=== MATERIALS PROVIDED ===
--- START ---

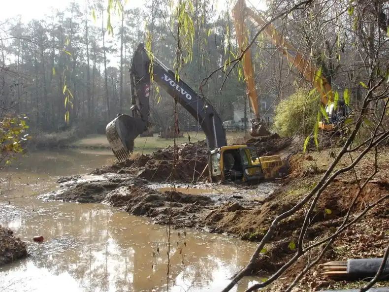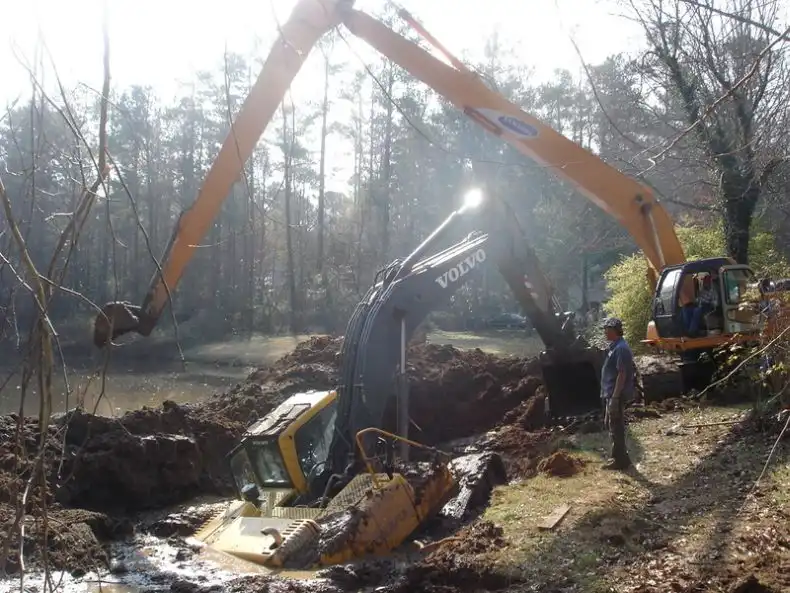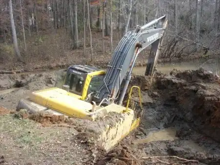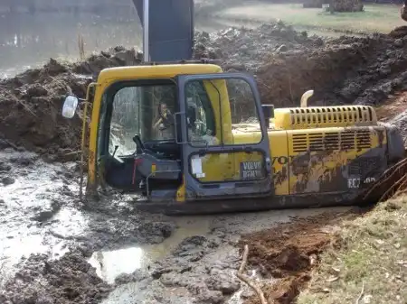История: Экскаватор пытался достать маленький погрузчик (которого уже не видно на фотографиях) и утонул сам.
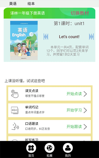 小学英语同步点读是厦门智趣互娱出版社官方推出的小学生学习英语软件,这款软件可以为小学生提供便捷的英语教材内容、丰富的学习资源以及趣味性的学习方式等等功能!
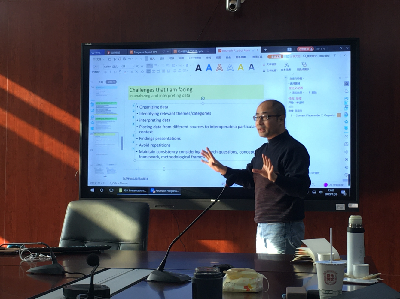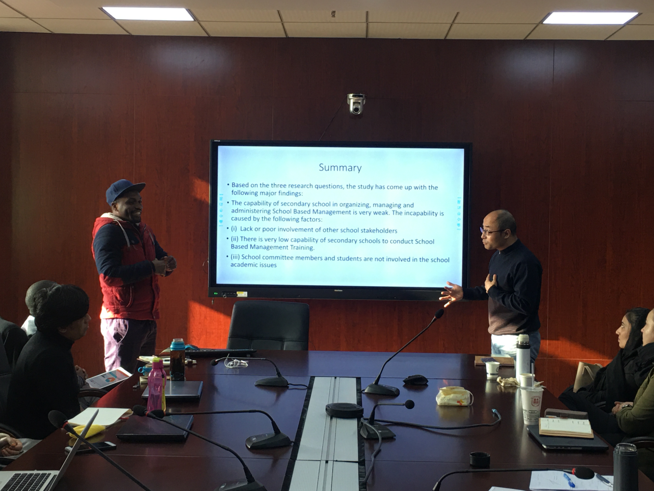 此次工作坊由17级、18级班主任周玲老师主持,共有九名留学生进行汇报交流,汇报内容分为两个部分:五名三年级留学生汇报博士论文研究进展,四名即将开题的二年级留学生汇报研究选题和论文的初步计划。
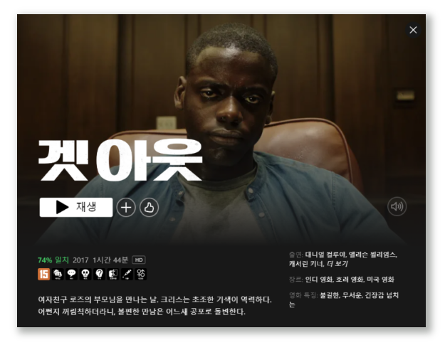 겟 아웃은 미국의 인디 호러 영화입니다. 잔인하거나 깜짝 놀래키는 장면 없이 신선하게 무서운것이 특징입니다. 겟 아웃의 줄거리는 주인공이 휴가로 시골에 방문하게 되는데, 그 곳에서 벌어지는 이상한 일들을 마주하면서 여자친구 부모님 집에 방문을 하며, 그곳에서 미스터리하고 소름돋는 사건을 마주하게 됩니다. 조금씩 진실이 드러나며 주인공은 더 이상 탈출할 수 없는 공포의 미로에 갇히게 되는 심리적 공포가 강한 영화입니다. 겟 아웃은 인종, 사회적 편견, 무서운 마음을 다루는 심리적 긴장감으로 몰입도가 강한 작품입니다.
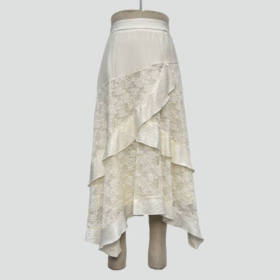 Off-white Lace Patchwork Irregular Ruffled Midi Skirt
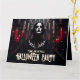 Dunkles Halloween-Party mit gotischem Stil, schwarzer Kleidung, dramatischen Make-up und rotem Kerzenlicht in einem geheimnisvollen Rahmen. Ideal für gespenstische Events, thematische Party und kreative Dekorationsideen mit dunkler, unheimlicher Atmosphäre.
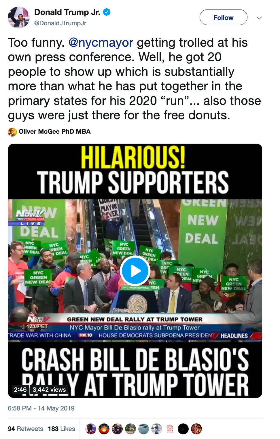 Donald Trump Jr. is a businessman (with properties in New York City) and walled off from his father’s administration. “Too funny.”
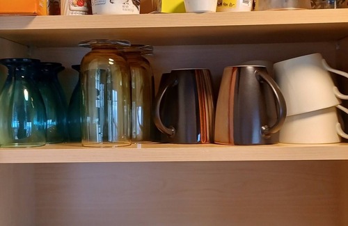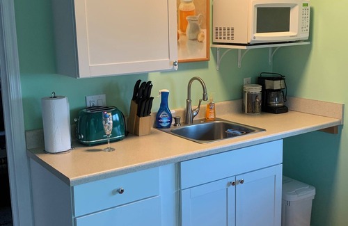 Living room has a 40" Smart TV and Wifi. The TV also picks up over 50 channels including some from DC and Richmond. Kitchenette includes basic kitchen utensils and food preparation appliances. We now have a Full size fridge/freezer in the Guesthaus. NO full STOVE/OVEN but does have a two-burner hot plate frequently used by guests. Outdoor grill and chiminea on private patio. Two decks provide seating to enjoy the beautiful views. Spacious fire circle with ample free firewood.
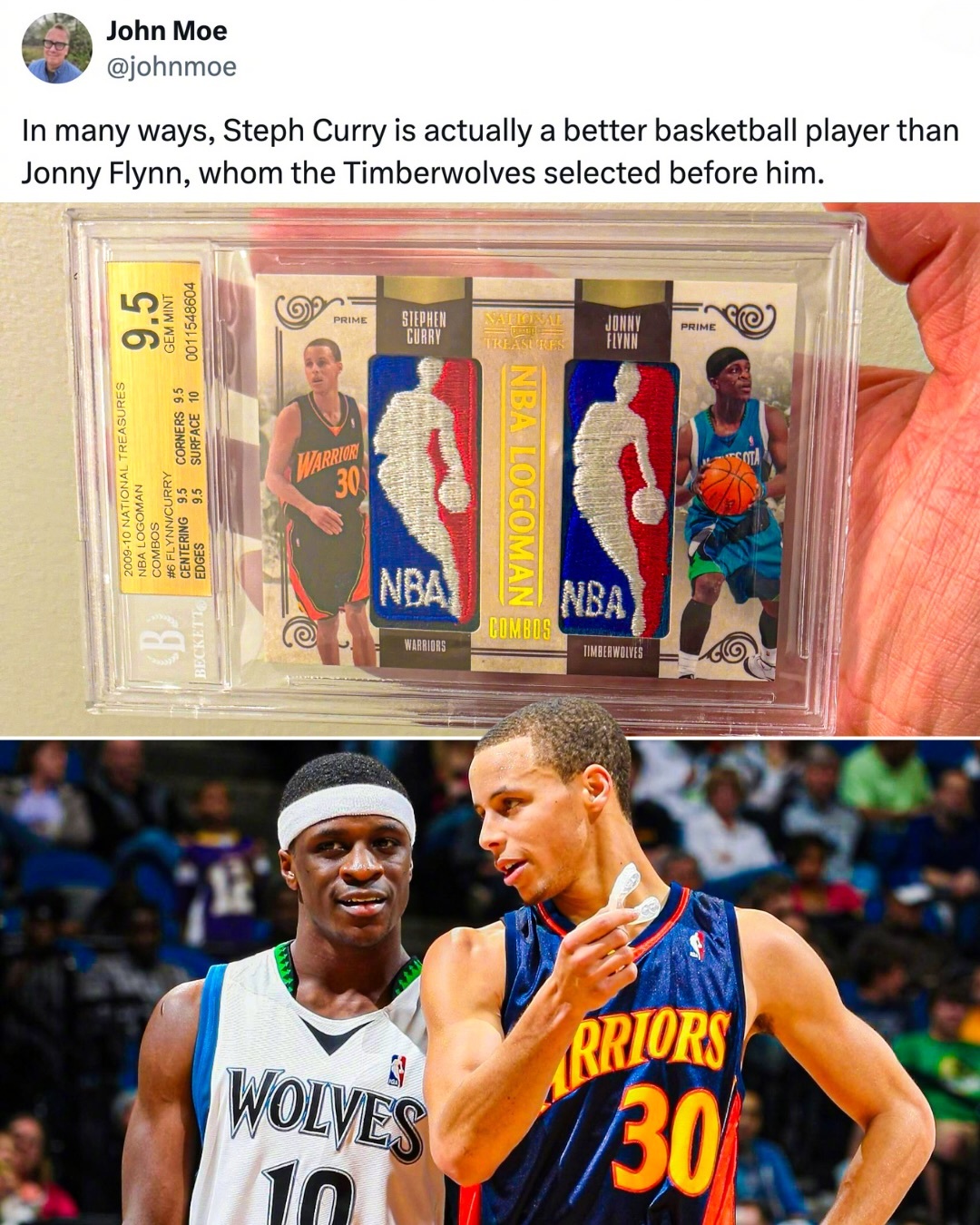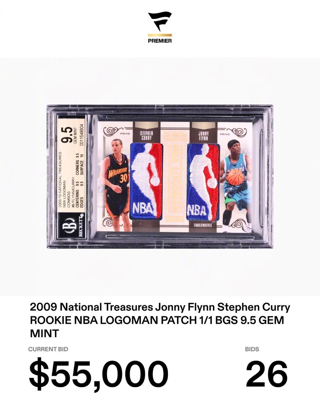 有球迷出价55000美元竞拍一张库里和弗林新秀赛季时的双logo man球星卡。
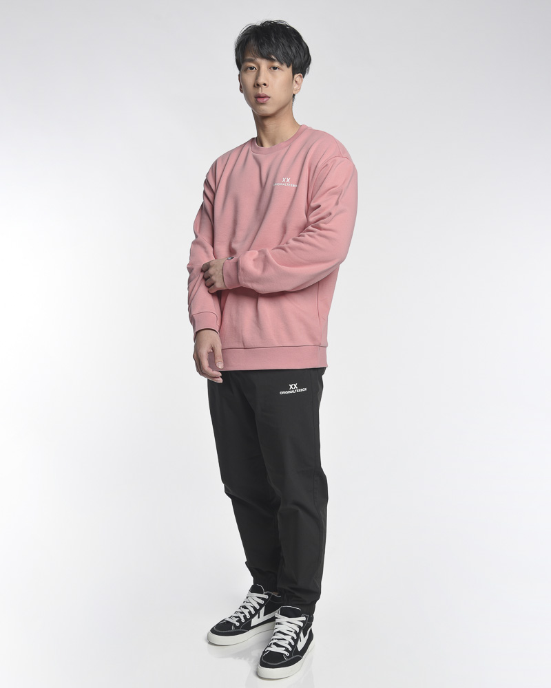 Yishion Men Oversized Solid Coloured Long Sleeve Sweatshirt with "ORIGINALTEEBOX" Logo (Pink)
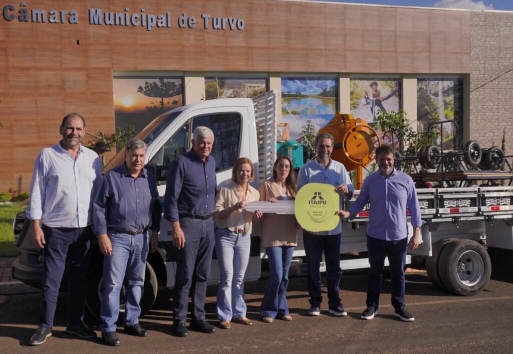 A Itaipu Binacional realizou nessa sexta-feira (10 de abril de 2026), em Turvo, a entrega de um caminhão que irá atender a agricultores familiares da região central do estado. A entrega faz parte de um convênio mais amplo, com investimentos de R$ 4,1 milhões da empresa, e que inclui ações de capacitação, implantação de viveiros de mudas e apoio técnico e jurídico para regularizações fundiária e ambiental.
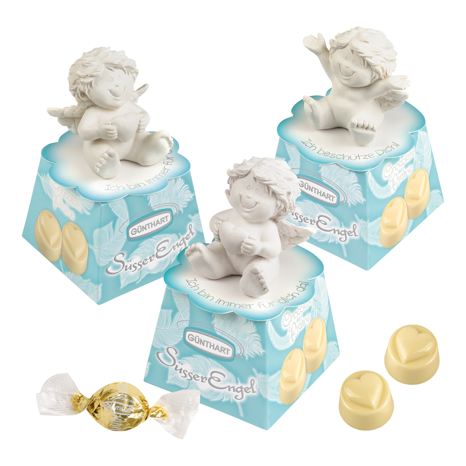 12 St. Polyresin-Engel auf Box, sortiert, mit weißen Pralinen
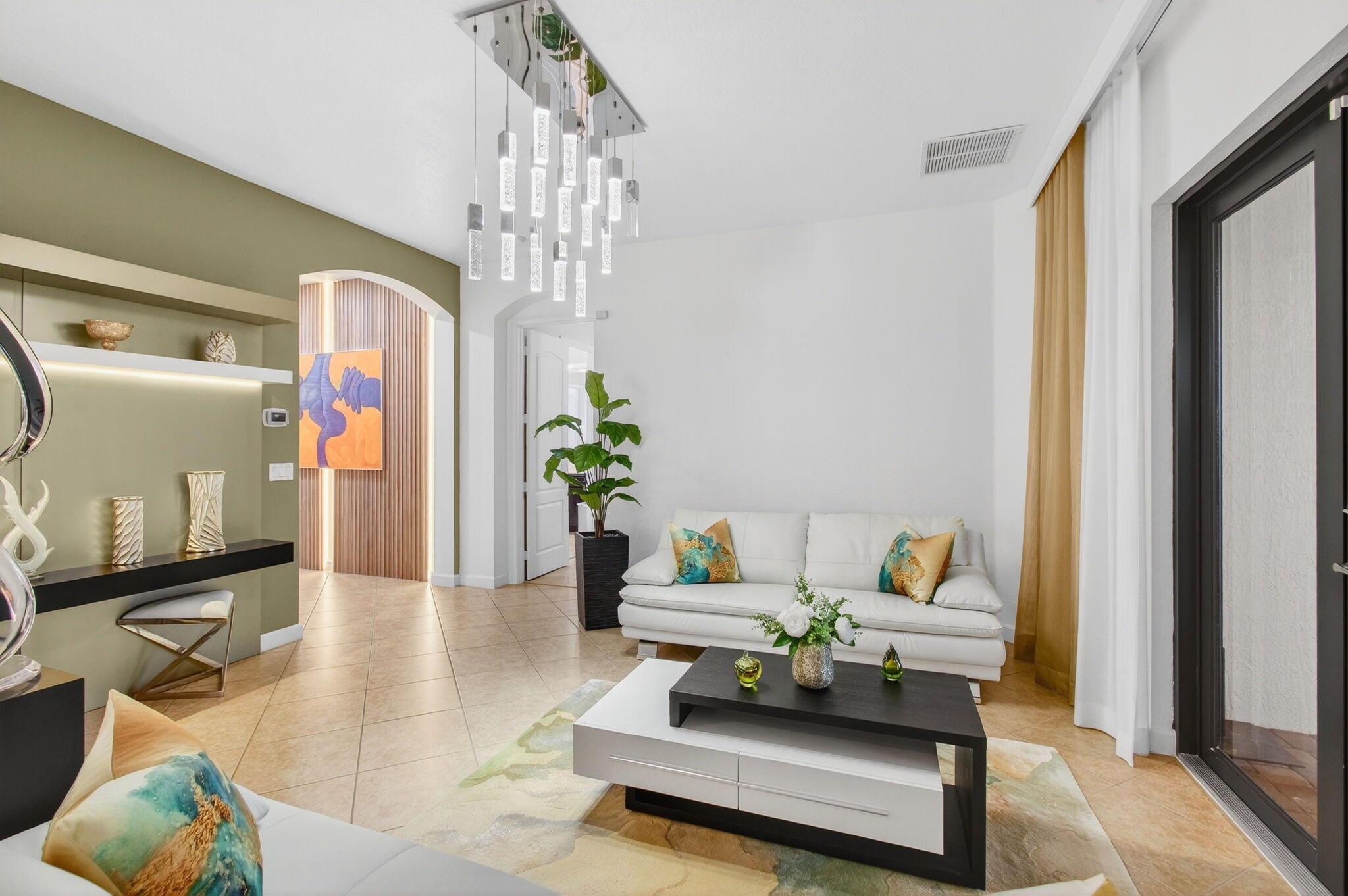 Located in the beautiful Casa Bella community in the city of Delray Beach, 8137 Ferentino Pass invites residents with its impeccable charm and state-of-the-art amenities. Reflective of the vast Florida skies, the elegant exterior is neatly complemented by a generous, large patio, screened and covered for optimal privacy and enjoyment. This outdoor area offers extensive space, perfect for those considering the installation of a pool for endless fun under the sun.The home delivers a significant advantage with a large, two-car garage, providing ample space for vehicle accommodation or additional storage should need arise. As you step inside, the richness of the architectural details can immediately be noticed.

--- END ---

=== TASK DIRECTIONS ===
The whole listing is to be written out exactly; the pictures stay out of the copy.

=== ANSWER TO THIS PROBLEM ===
История: Экскаватор пытался достать маленький погрузчик (которого уже не видно на фотографиях) и утонул сам.
 小学英语同步点读是厦门智趣互娱出版社官方推出的小学生学习英语软件,这款软件可以为小学生提供便捷的英语教材内容、丰富的学习资源以及趣味性的学习方式等等功能!
 此次工作坊由17级、18级班主任周玲老师主持,共有九名留学生进行汇报交流,汇报内容分为两个部分:五名三年级留学生汇报博士论文研究进展,四名即将开题的二年级留学生汇报研究选题和论文的初步计划。
 겟 아웃은 미국의 인디 호러 영화입니다. 잔인하거나 깜짝 놀래키는 장면 없이 신선하게 무서운것이 특징입니다. 겟 아웃의 줄거리는 주인공이 휴가로 시골에 방문하게 되는데, 그 곳에서 벌어지는 이상한 일들을 마주하면서 여자친구 부모님 집에 방문을 하며, 그곳에서 미스터리하고 소름돋는 사건을 마주하게 됩니다. 조금씩 진실이 드러나며 주인공은 더 이상 탈출할 수 없는 공포의 미로에 갇히게 되는 심리적 공포가 강한 영화입니다. 겟 아웃은 인종, 사회적 편견, 무서운 마음을 다루는 심리적 긴장감으로 몰입도가 강한 작품입니다.
 Off-white Lace Patchwork Irregular Ruffled Midi Skirt
 Dunkles Halloween-Party mit gotischem Stil, schwarzer Kleidung, dramatischen Make-up und rotem Kerzenlicht in einem geheimnisvollen Rahmen. Ideal für gespenstische Events, thematische Party und kreative Dekorationsideen mit dunkler, unheimlicher Atmosphäre.
 Donald Trump Jr. is a businessman (with properties in New York City) and walled off from his father’s administration. “Too funny.”
 Living room has a 40" Smart TV and Wifi. The TV also picks up over 50 channels including some from DC and Richmond. Kitchenette includes basic kitchen utensils and food preparation appliances. We now have a Full size fridge/freezer in the Guesthaus. NO full STOVE/OVEN but does have a two-burner hot plate frequently used by guests. Outdoor grill and chiminea on private patio. Two decks provide seating to enjoy the beautiful views. Spacious fire circle with ample free firewood.
 有球迷出价55000美元竞拍一张库里和弗林新秀赛季时的双logo man球星卡。
 Yishion Men Oversized Solid Coloured Long Sleeve Sweatshirt with "ORIGINALTEEBOX" Logo (Pink)
 A Itaipu Binacional realizou nessa sexta-feira (10 de abril de 2026), em Turvo, a entrega de um caminhão que irá atender a agricultores familiares da região central do estado. A entrega faz parte de um convênio mais amplo, com investimentos de R$ 4,1 milhões da empresa, e que inclui ações de capacitação, implantação de viveiros de mudas e apoio técnico e jurídico para regularizações fundiária e ambiental.
 12 St. Polyresin-Engel auf Box, sortiert, mit weißen Pralinen
 Located in the beautiful Casa Bella community in the city of Delray Beach, 8137 Ferentino Pass invites residents with its impeccable charm and state-of-the-art amenities. Reflective of the vast Florida skies, the elegant exterior is neatly complemented by a generous, large patio, screened and covered for optimal privacy and enjoyment. This outdoor area offers extensive space, perfect for those considering the installation of a pool for endless fun under the sun.The home delivers a significant advantage with a large, two-car garage, providing ample space for vehicle accommodation or additional storage should need arise. As you step inside, the richness of the architectural details can immediately be noticed.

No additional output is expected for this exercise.